En la vida profesional solemos medir el tiempo por proyectos, logros o desafíos. Sin embargo, con los años comprendemos que lo más duradero no son los resultados, sino las personas que nos marcaron. Compañeros, maestros, colegas o mentores que, con una palabra o un gesto, nos enseñaron una manera distinta de mirar el mundo. Algunos siguen a nuestro lado mientras que otros ya no están cerca por distancia, cambios o bien porque han “partido”. Sin embargo su presencia continúa obrando silenciosamente en nuestras decisiones, en nuestro modo de trabajar o en la ética con la que enfrentamos lo cotidiano. En la vida personal suele ocurrirnos algo similar. Los vínculos más hondos no desaparecen: se transforman en memoria viva. Hay ausencias que nos acompañan más fielmente que ciertas presencias; miradas que ya no están, pero siguen guiando la nuestra y voces que resuenan cuando dudamos o caemos. A veces basta un aroma, una frase, una coincidencia mínima, para sentir que quien partió sigue participando en nuestra vida, como una energía que nos cuida o nos impulsa a continuar. En el fondo, toda relación auténtica deja un eco que no se extingue. Los lazos se estiran, cambian de forma, pero siguen sosteniendo la trama invisible que nos mantiene humanos. Aprender a reconocer esa continuidad es una forma de gratitud madura incluso en  los vínculos que se quebraron todo nos ha permitido crecer. Así, la vida profesional y la vida personal se entrelazan en un mismo aprendizaje ya que nada esencial se construye solo. Todo lo que posee un valor trascendente ya sea una idea, un proyecto, un sueño, o un gesto de amor nace de algún encuentro. Y cuando miramos hacia atrás y sentimos que aún nos acompañan aquellos que ya no están, comprendemos que vivir es seguir amando de otro modo, y que el vínculo, incluso transformado por el tiempo o la muerte, nunca desaparecerá completamente.

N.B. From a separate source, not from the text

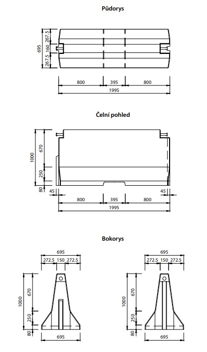 Die zweiseitige Betonschutzplanke TYP80 wird aus hochfestem Porenbeton der Festigkeitsklasse C45/55 gefertigt und erfüllt die Anforderungen der Expositionsklassen XF4, XD3 gemäß EN 206-1.

Con el fin de profundizar en estos apasionantes temas desde distintos puntos de vista se describen a continuación veinte enseñanzas clave sobre “la sabiduría del vinculo” (43/52 2025) basadas en cuatro fuentes distintas: “Yo y Tú” (Martin Buber), “La ética del cuidado” (Carol Gilligan y Joan Tronto), “La fragilidad del bien” (Martha Nussbaum) y “Abrázame fuerte” (Sue Johnson)

I. “ Yo y Tú”  Martin Buber (1923)

Este libro sostiene que la plenitud y el significado de la vida se encuentran en la relación profunda, auténtica y recíproca, en lugar de vivir principalmente en el mundo de la experiencia personal y el análisis.

 

1. El encuentro como revelación del ser

La esencia de lo humano no se encuentra en el aislamiento ni en la introspección solitaria, sino en el encuentro verdadero entre dos presencias. El mundo se divide en dos modos de relación por un lado el “Yo–Eso”, donde tratamos a los demás como objetos o medios; y el “Yo–Tú”, donde nos abrimos al otro como sujeto, con plena atención y reciprocidad. El “Tú” no se posee ni se analiza, se experimenta. Cuando alguien nos mira sin juicio, nos reconoce más allá de lo que hacemos o aparentamos, algo profundo se despierta; la experiencia de ser. En ese instante, surge la vida en su forma más pura de relación, presente, irrepetible. “La ética nace en el rostro del otro” según sostenía Emmanuel Levinas en su obra Totalidad e infinito: Ensayo sobre la exterioridad (1961). Cada encuentro genuino es una revelación. Ver al otro sin filtros ni máscaras es ver también lo mejor de uno mismo.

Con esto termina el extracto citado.